Btw the author of the article in the video created a language called Hare. Compared to Zig it seems more like a slight modernization of C with improvements like optionals and Rust's "?" operator instead of being a completely new language.
@u9vata I can understand most of your points and find them reasonable. However, originally Rust was GCed. The need for combination of safety and speed led to the inception of borrow checker. I totally agree that writing something like linked list in Rust is less easy than in other programming languages. However, this is the result of the rules of the language that enforce safety. Given that data structures similar to doubly linked list are not as common, this pain point is not pressing at all. You still *can* do this and the amount of necessary work is not exponentially bigger. In addition, there's crates and standard library, which can spare you from it at all. Regarding the boilerplate, I'd like to learn more. Also, I'd like to learn more about the difference in philosophies about designing a language.

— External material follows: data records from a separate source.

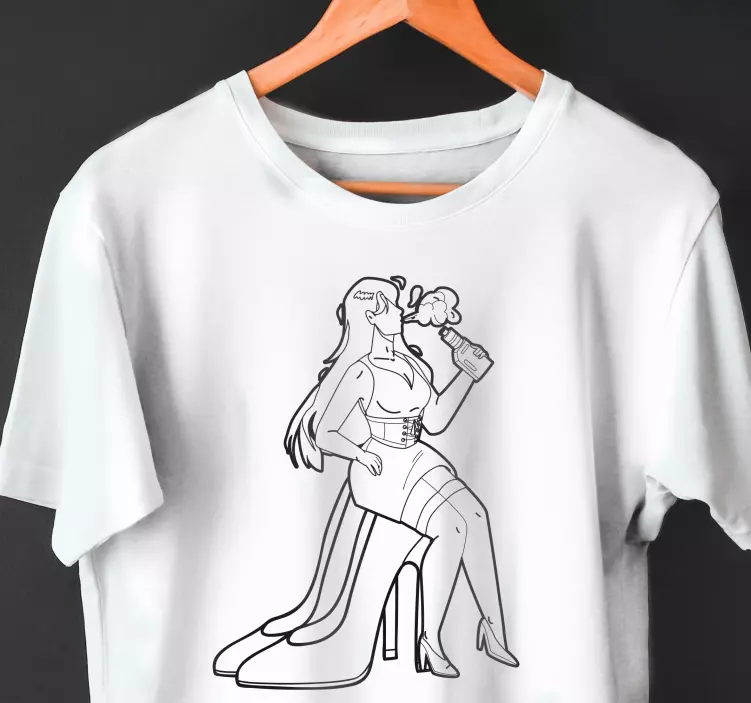 私たちのシャツは、女性らしい魅力を引き立てるためにデザインされており、シルエットはスタイリッシュで洗練されています。手で書かれたようなユニークなスケッチが印象的で、ハイヒールを履いた自信に満ちた女性の姿を描写しています。このデザインは、喫煙やvapeの図柄も取り入れ、ファッション性を高めています。カクテルパーティーや特別な場面で着用することで、注目を集めること間違いなしです。
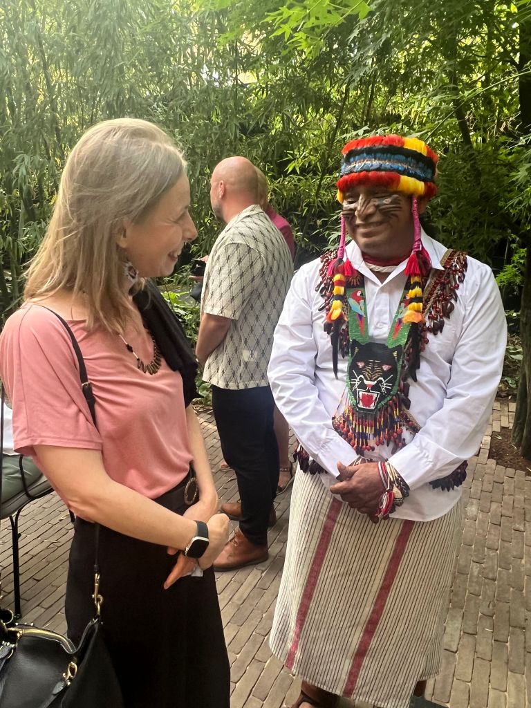 When I learnt that he was in London for London Climate Action Week I put on my Sharamentsa regalia (necklace and earrings I bought from the local ladies) and headed to Extreme Hangout in the hope that I could still find him there.
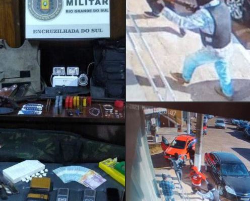 munições, droga, coletes balísticos e dinheiro, uma arma de fogo roubada no assalto da agência bancária na cidade de Amaral Ferrador.

4:44 Also, "more trouble than worth", is very relative, what is the borderline between someone who is just conservative about the things he like and someone who has really good takes on language development and design?
"C has a [finished] spec" Yea... except the teeny-tiny thing which is a gaping whole right in the middle of it, called UB. Or worse, actually, it's not even a single hole, it's a mine field that spans across the entirety of the C language. I get that C is more stable, but calling C "finished" or "complete" feels a bit... cheat-ish
As a person, who is currently studying embedded programming, i fell like I don't need a lot more of features than C have, but i just want package manager and good crossplatform build system, so i'm excited about zig, but i don't think that it is ready for mcu programming right now. I'm also interested in rust, but I'm quite concerned about llvm performance on a weak hardware. And yes, it's problem for me
I hate the C/C++ build systems. Rust is far better in this regard, beside it being just as slow. Zig would be the perfect C replacement but it's just no where near stable enough. Zig needs a better LSP, better package manager, and complete safety in checked builds. All of which are in the works, it just might take 5 years. By that time, systems devs will be comfortable with Rust.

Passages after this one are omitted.